=== Exercise data ===
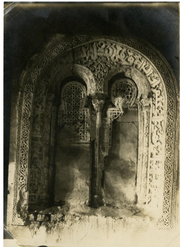
Fig. 10: Complex of Qalāwūn, window
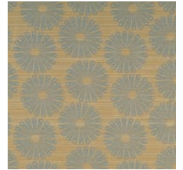
61703 ROBIN'S EGG
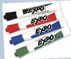
Dry erase marker on top of permanent
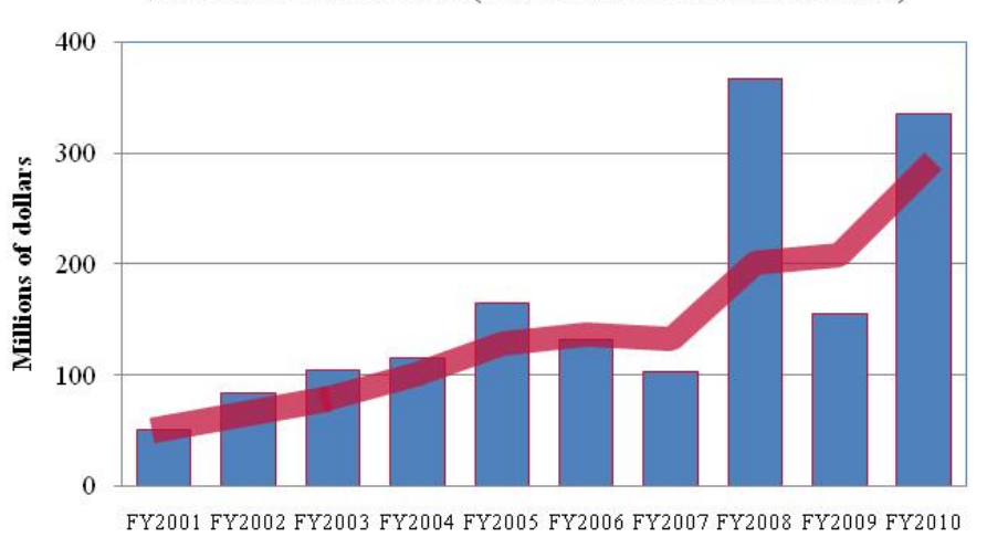
Graph 5. USG Funding for Trade-Related Agriculture, FY2001-FY2010 RED LINE SHOWS TREND (THREE-YEAR MOVING AVERAGE)

Following a sharp downswing in FY2009, TCB funding for agricultural support resumed its upward trend in FY2010 and was again over $300 million.
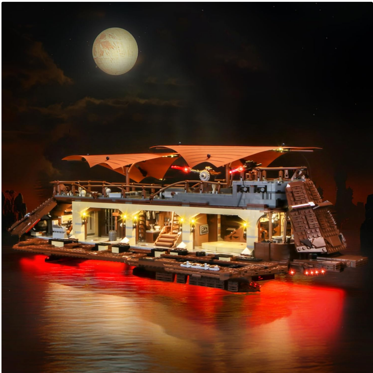
Image: Detailed view of the BrickBling LED Light Kit components.
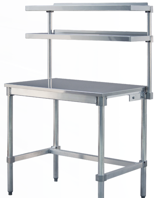
Stainless Top Table with Aluminum Cantilever Overshelves

Drawer Comes standard with the DWG50569. Optional for Standard Tables.
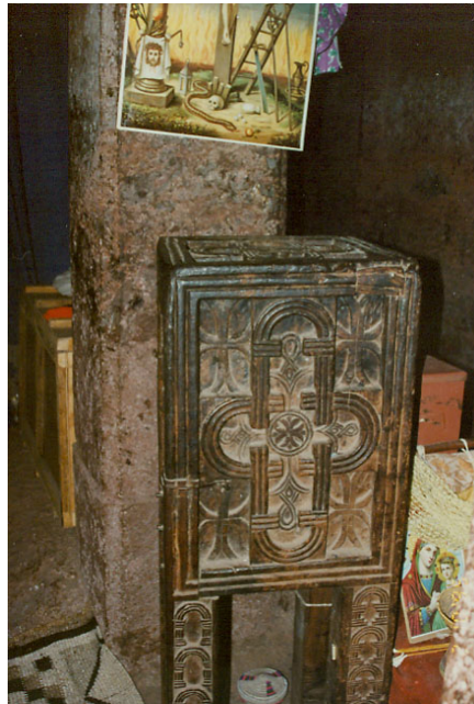
Fig. 6. Tabot.

In fact, the connection between the Ark of the Law and Christ's sacrifice on the Cross (both marking pivotal moments in the relationship between God and his people) is referenced through a unique feature of Ethiopian Christianity that has a very prominent place in Church rituals: the tabot, a sacred object owned by every church, is an ark-chest containing an altar-tablet on which the Eucharist is celebrated. The tabot is treated by special reverence that resemble the handling of the Ark in the Old Testament (for example it is covered by a precious textile when it is presented in public, and it is carried in procession, accompanied by dancing and singing). The linguistic, formal and ritual identity of the tabot clearly refers to the idea of the Ark as the container of the New Living Law (the tablet on which the Eucharist, the body of Christ, is presented). This emphatic connection between the wooden Ark and the Passion of Jesus on the wooden Cross, could be also referenced in the unique form of Ethiopian hand-crosses with their prominent (and often chest-like) base. In fact, the rectangular proportions of the base on many hand-crosses are very similar to those of rectangular tabot chests which are often decorated with crosses.
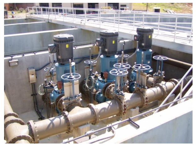
Vertical Dry-Pit Jet Motive Pumps

The total volume of each basin is 3 MG. Basins have an operating side water depth of twenty feet. Motive liquid for the aeration/mixing jets is provided by two vertical dry-pit pumps. There is also a common on-line spare pump. Each pump provides motive liquid to a single bank of twenty-eight jets.
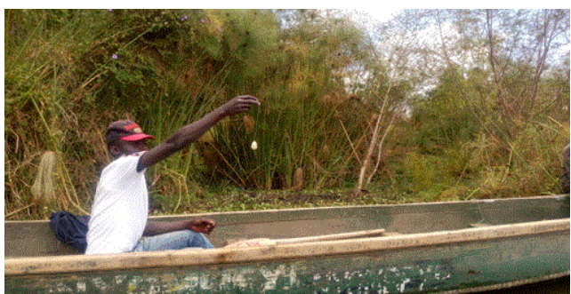
Figure 4: An illegal fisher displaying a fishing hook baited with ugali .

The legal fishers set gillnets overnight and lift them at dusk and then proceed to sell them to the traders/middlemen at the fish landing beaches. By 8.00 am they return to the lake to start fish angling. It has been observed that fishers using this technique can harvest approximately 15 Kg or (20 pieces) of fish within three hours which is three times more than what they harvest from gillnetting (Figure 5). It was also observed that the fishers use hooks of different sizes ranging between 8 and 12 inches targeting mainly brooders.
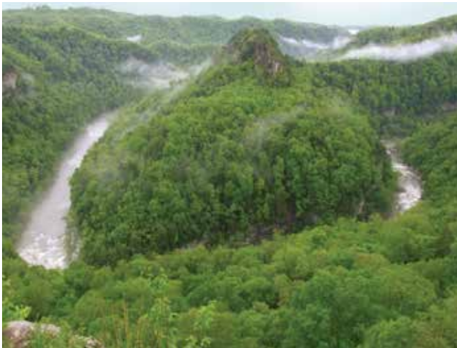
Breaks Interstate Park | Scenic Virginia
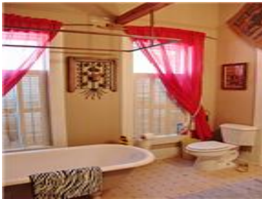
All that's missing from this bathroom is the bubble bath
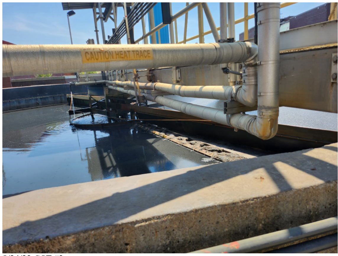
8/24/22 GST #2.

Facility Address: 3501 Asiatic Ave, Curtis Bay, MD 21226
===
> Assignment:
From the line that contains "Breaks Interstate Park | Scenic Virginia" down to the last line of the material above, every line must be repeated exactly, with pictures removed and both end lines included.

> Solution to the problem:
Breaks Interstate Park | Scenic Virginia
All that's missing from this bathroom is the bubble bath
8/24/22 GST #2.

Facility Address: 3501 Asiatic Ave, Curtis Bay, MD 21226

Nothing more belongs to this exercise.